What to Do with the Data
Once you have all this valuable insight directly from people in your target audience, don’t use it verbatim, but think of it as a guiding light when you get back to your desk to start working on a design document (which we’ll talk about in the next article).
Look for persistent trends. If nine out of ten people are performing the same icky task five days a week, that task is a good candidate for a product requirement. If particular documents everyone uses are buried on a network drive on the dark side of Jupiter, or it takes twelve steps to get to them in the current version of your site, redesign the information flow to make it much simpler for users to pick up the scent and get there easily.
What you shouldn’t do, however, is exactly what users say to do. If a card-sorting exercise results in a stack of cards titled Stuff About Acme, rename that label something like About Acme, because trigger words such as About help users find what they need when faced with a page full of links and images. In the case of software, whether web-based or not, listening to users too closely and bending to their every whim often results in complicated, frustrating products that place everyday features right next to obscure features that you must be a rocket surgeon to use.
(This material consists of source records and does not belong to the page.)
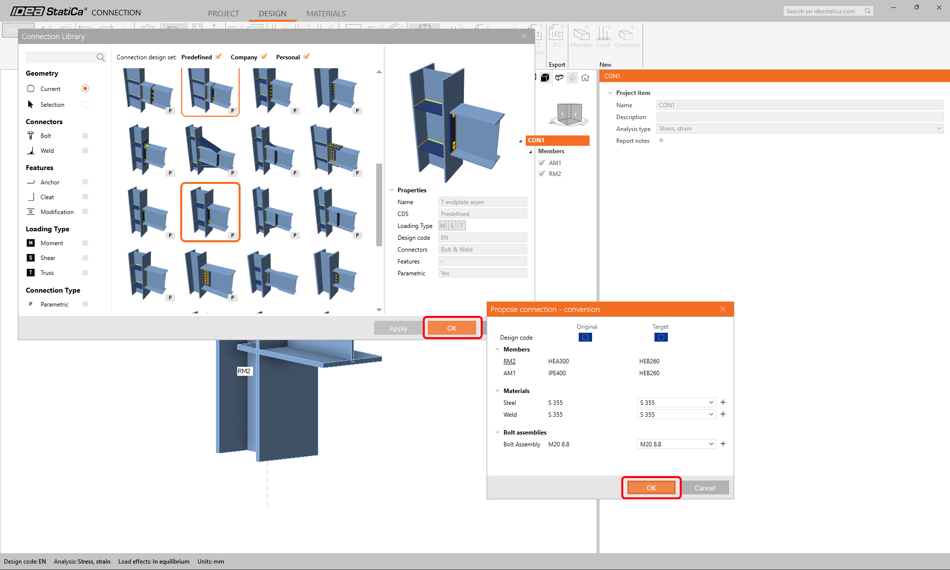 To design the second connection, select connection CON2 and click Apply to copy the offered design from connection CON1.
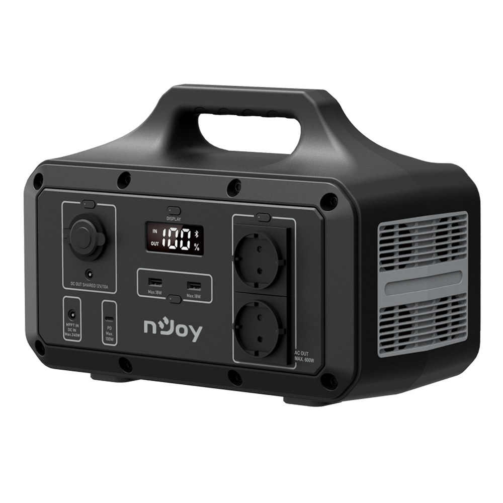 • NJoy Power Base 600 este un acumulator portabil cu capacitate de 511Wh, alimentat cu baterie Li-ion NCM, destinat alimentării dispozitivelor în aplicații de supraveghere, camping, outdoor sau situații de urgență. Oferă 8 porturi de ieșire diverse și suport pentru încărcare din mai multe surse.
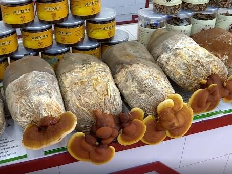 據了解,今年年初,德惠市五臺鄉狼洞村黨總支引進了靈芝項目,帶領村民們一起發展靈芝種植產業,并成立了德惠市仙芝靈農業種植專業合作社。為了進一步展示、推介自己的靈芝系列產品,合作社帶著近期剛剛采集好的靈芝孢子粉、靈芝切片、靈芝盆景等4類產品參加會展。
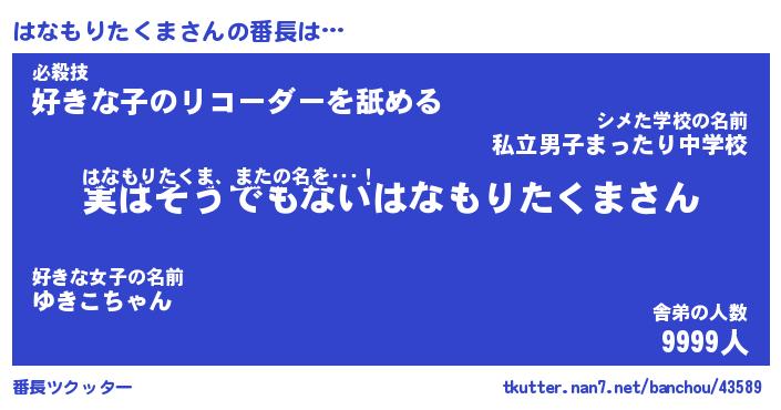 | 肩書あだ名 | 『はなもりたくま社長』 |
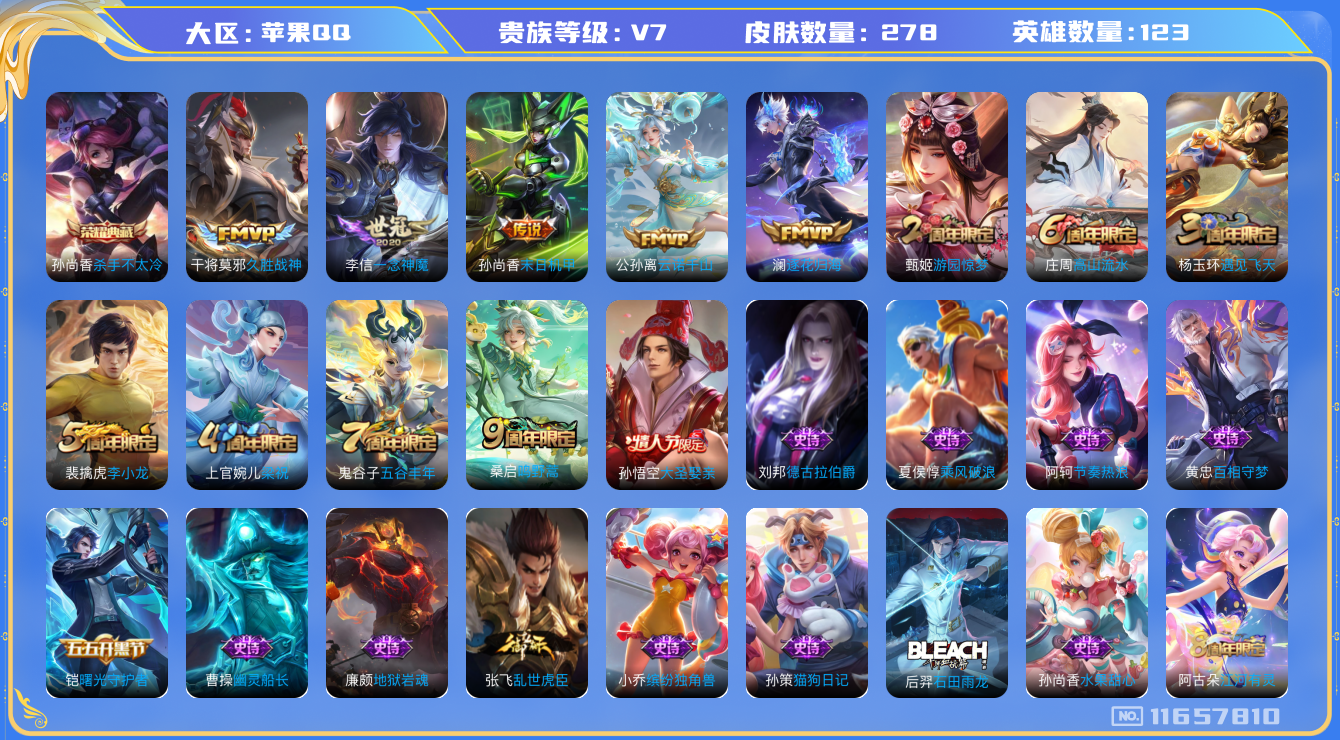 [11657810]V7 1典藏 6传说 123英雄 278皮肤 可修改实名 优质装备:杀手不太冷,久胜战神,一念神魔,末日机甲-孙尚香(绿蚂蚱),澜逐花归海,涂山容容 传说皮:云诺千山 珍宝阁皮:妄想食味,蔷薇恋人 限定皮:鸣野蒿,遇见飞天,高山流水,五谷丰年,游园惊梦,梁祝,李小龙,大圣娶亲 史诗皮:鸭鸭历险记-刘禅,苍鳞隐世,绮世丹青,星界战将,龙之律动,石田雨龙,百相守梦-周瑜,蔬乡物语(鲁班七号),百相守梦-黄忠,紫霞仙子,白龙吟,特工魅影,千年之狐,江河有灵,匿光侦查者,百解令(蒙犽),冰冠公主,末日机甲-吕布,猫狗日记-孙策,乱世虎臣,节奏热浪,摇滚巨星,水果甜心,天才门将,星夜王子,心灵骇客,功夫厨神,德古拉伯爵,暗隐猎兽者,幽灵船长,鬼剑武藏,暗渊魔法,心灵战警,天秀·启明,舞动绿茵,地狱岩魂,纤云弄巧,繁星吟游(呼啦呼啦),拒霜思,缤纷独角兽,乘风破浪,逐浪之夏,水晶猎龙者,曙光守护者,金属风暴,原初追逐者,圣诞狂欢,圣诞恋歌,鹰眼统帅,魅力维加斯,黎明之约,无心,未来纪元-赵云
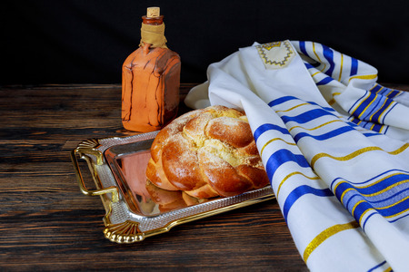 Sabbath essence homemade challah bread, kosher wine, candles, jewish holiday spirit
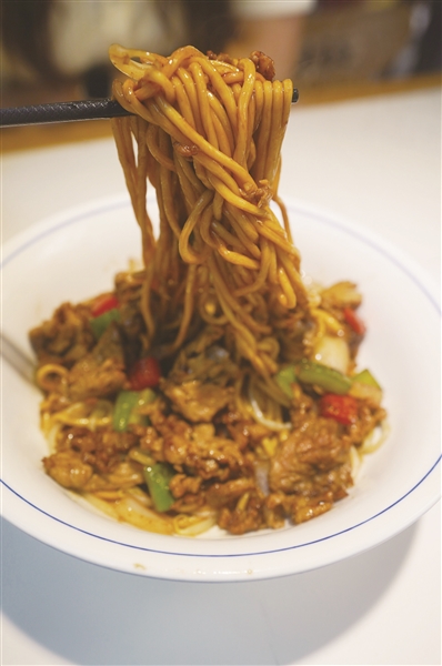 每碗面都是三两,“分量刚好,男生够吃,女生吃不完还能打包,不浪费”。金龙说:“用机器煮面抢时间,同时保证浇头现炒的鲜,让上班族忙里偷闲也能吃口好的。”
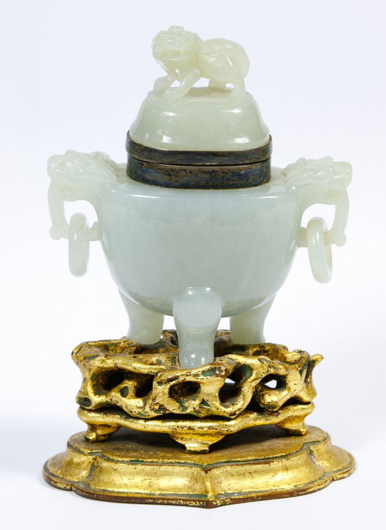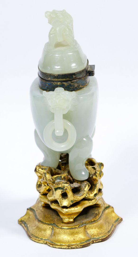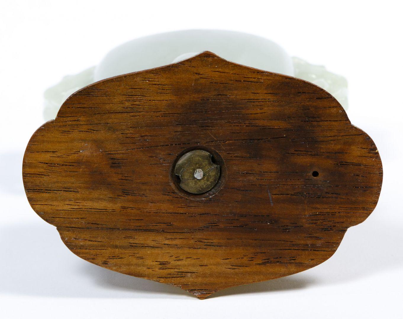 This jade inkwell with sterling silver fittings has a Foo dog on top and two Foo dog handles holding rings. It is mounted on a gold-colored wood base. Marked on the underside of the lid: Edward I. Farmer / N.Y. / Sterling.
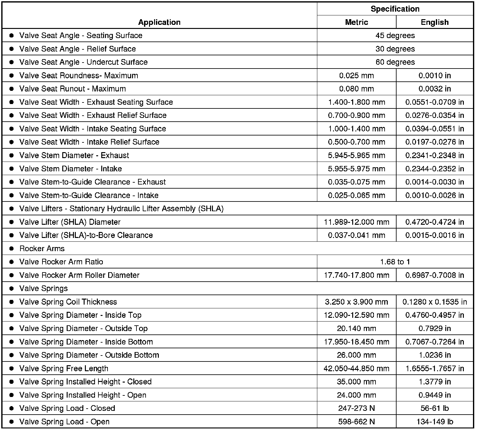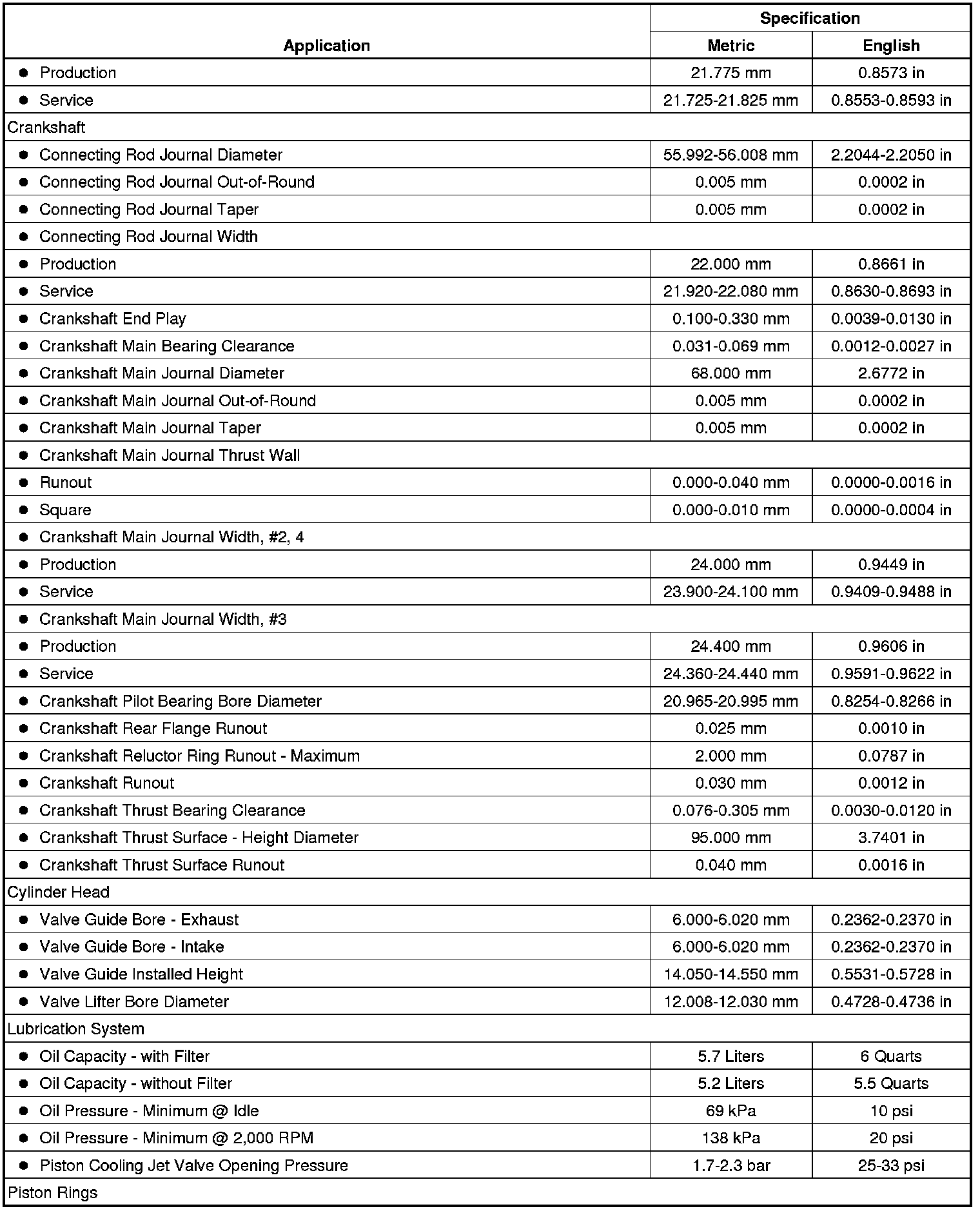 Engine Mechanical Specifications (LFW)
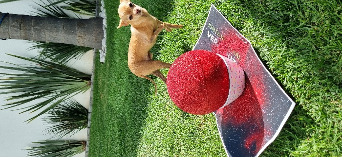 A chihuahua stands on green grass beside a 3D advertisement. The ad features a red glittery sphere partially extending out from a black and white background. Text is visible on the ad but illegible. A tree with large fronds is to the left of the chihuahua. The background includes a white wall.
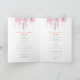 Programa dobrado de arte em cascata de flores de videira. Estes programas de cerimônia de casamento fazem parte do jogo de cascata de flores de vinha em cascata. Bonito programa de casamento em tons de coral vivo, rosa, mauve, cinza de sábio verde num fundo branco nítido. Pintura com aquarela original e design por artista e designer Sarah Trett para www.mylittleedenweddings.com no zazzle.
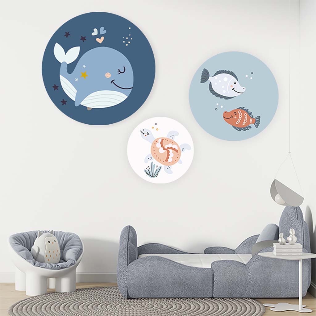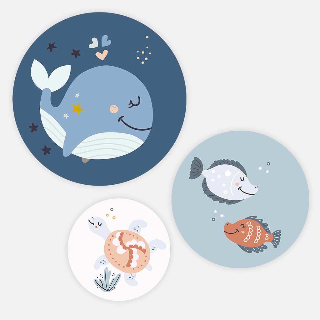 Muucirkel set van 3 Oceaan (Walvis, Zeeschildpad, Visjes) kinderkamer / babykamer Deze muurcirkel set van 3 is speciaal ontworpen voor de kinderkamer. De set bestaat uit een walvis, een zeeschildpad en twee visjes. Het combineren van meerdere wandcirkels is erg populair. Het creëert eenheid en rust, maar toch is het een speelse manier om de babykamer op te vrolijken. De muurcirkel set bestaat uit 3 muurcirkels. Je kunt kiezen uit de set Klein (formaten: Ø30 cm, Ø40 cm en Ø50 cm), de set Medium (formaten, Ø40 cm, Ø50 cm en Ø60 cm) of de set Groot formaten, Ø50 cm, Ø60 cm en Ø70 cm). De set wordt geleverd inclusief 3 ophangplaatjes.
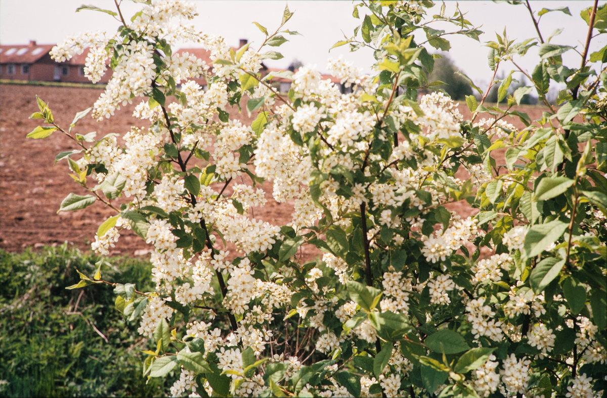 Blommande hägg vid åker.
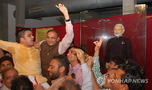 | △ 20일(현지시간) 인도 구자라트 주 수라트에서 다이아몬드 거래 업체을 운영하는 랄지 파텔(가운데 손 든 사람)이 나렌드라 모디 총리의 이름이 수놓인 정장을 4천310만 루피에 낙찰받은 뒤 환호하고 있다.(AP=연합뉴스) |
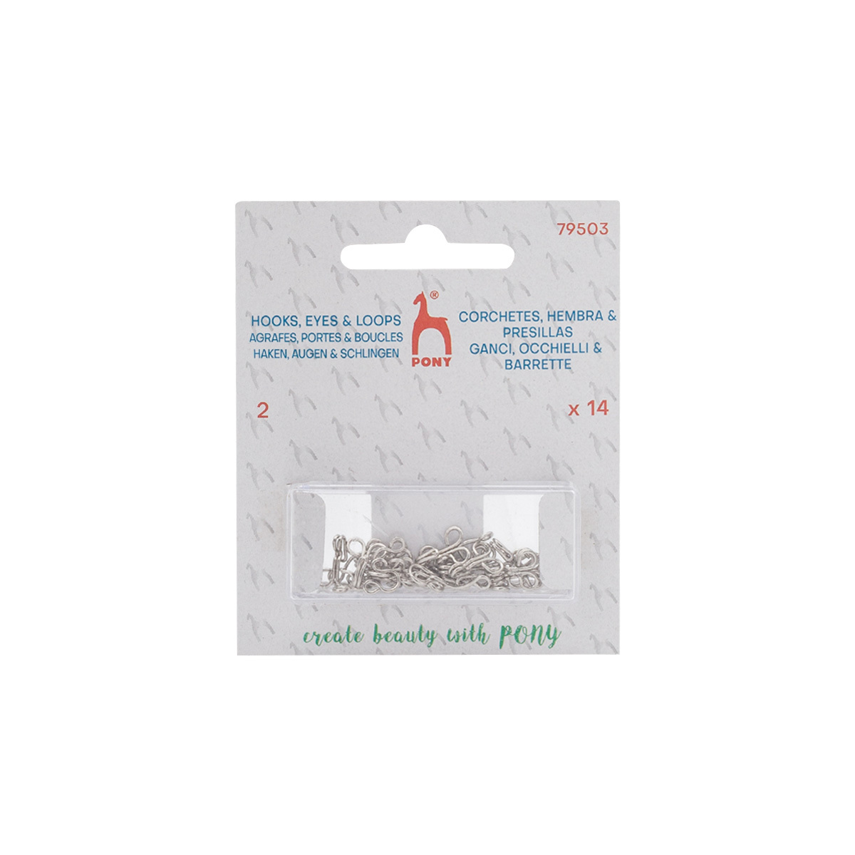 Крючки пришивные 11 мм, 14 шт, с 2 петлями, серебристые, Pony, 79503
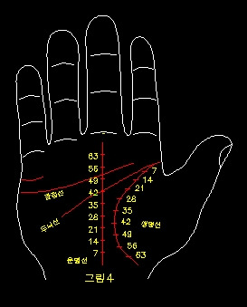 유년법(流年法) : 그림4에 표시된 연령대와 같이 대상자의 나이와 현재의 손금위치를 확인 비교하여 해당하는 유년의 운수가 성운/쇄운 인가를 판단하게 되는데 생명선은 건강관계를 운명선은 사업관계의 흥망성쇠를 판단하게 된다.
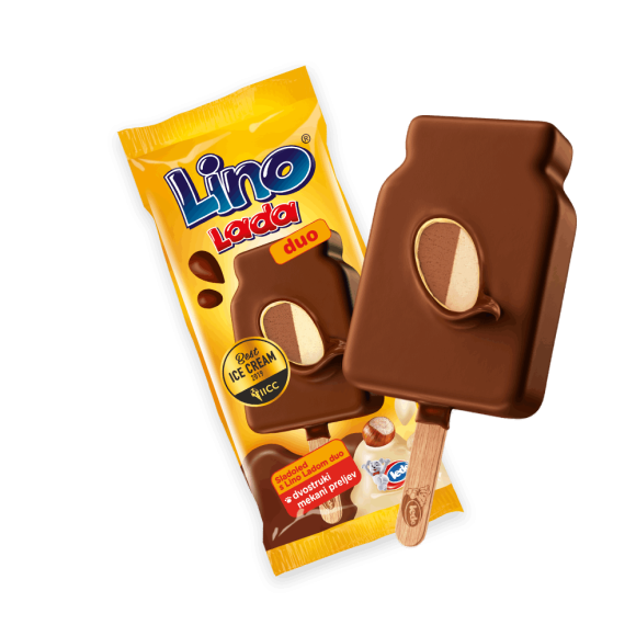 Ukusan i neodoljiv spoj lješnjaka, mlijeka i kakaa pruža duplu dozu užitka, jer je sladoled Lino Lada preliven inovativnim, mekanim preljevom okusa bijele i tamne Lino Lade.
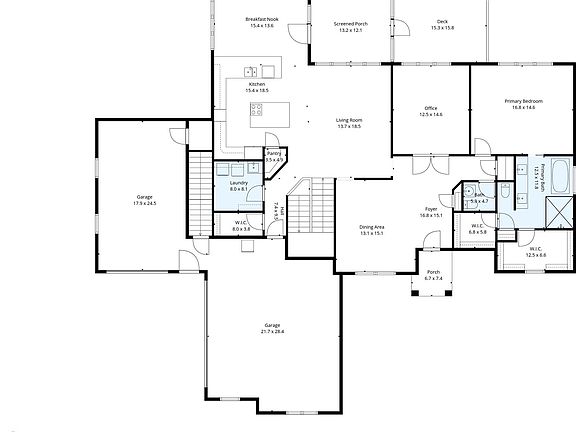 Also located on the main level are a large office with French doors, main-level laundry and a powder room.
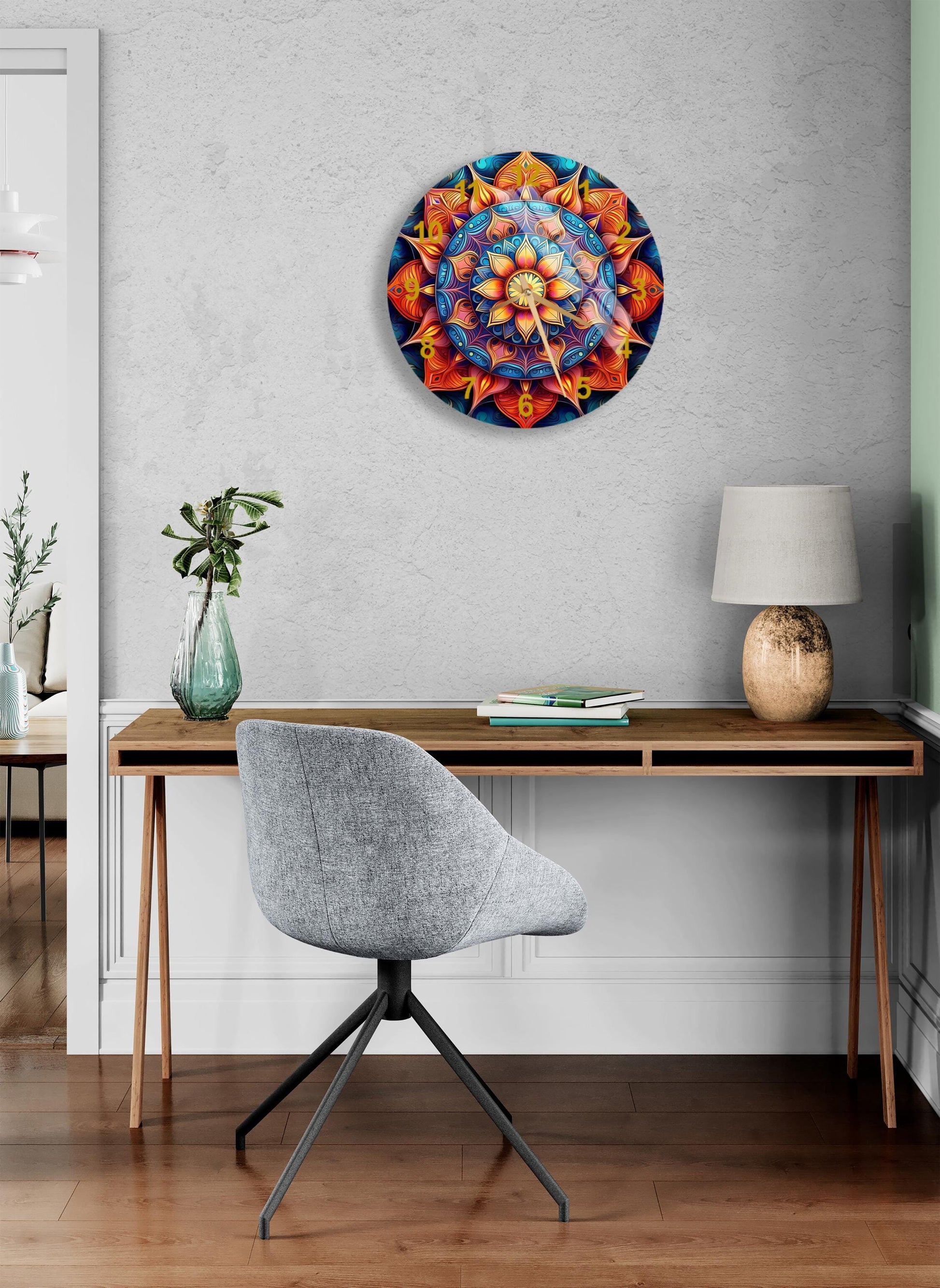 Elevate your decor with our Glass Wall Clock and experience the perfect combination of aesthetics and functionality. Embrace the elegance of tempered glass, appreciate the silence of its mechanism, and make timekeeping a pleasure in your daily life. Add it to your cart now and transform your space with this stunning timepiece!

Sometimes, the best thing you can do is ignore users and design something that makes more sense. Use discretion, and don’t ignore users completely unless you can prove your way is better.
Figuring out what to do with all this data isn’t difficult. Just apply common sense to spot what’s essential for your product versus what can be left in the trash or deferred to a future version, and start making a list. When your list is done, refine it until you’re absolutely sure that only the most essential items are still on it. Keep everything else on a separate "nice to have" list, and see whether any of those items still matter when the product is complete. If so, work them into the next version. Most likely, if you did your job right the first time around, the "nice to have" items won’t be necessary at all.
Finally, start writing a product requirements document (PRD), which you can learn all about in this article from Cooper. The PRD describes the target user and the features the product will contain.
One last bit of advice here: Always keep in mind the technical side of things as you’re writing this document, unless of course you want to lose the respect of your programming team by promising scratch-and-sniff dialog boxes. How the document is formatted isn’t all that important, but keep it as short and concise as possible so other people might actually read it, and avoid saying things that are simply not possible.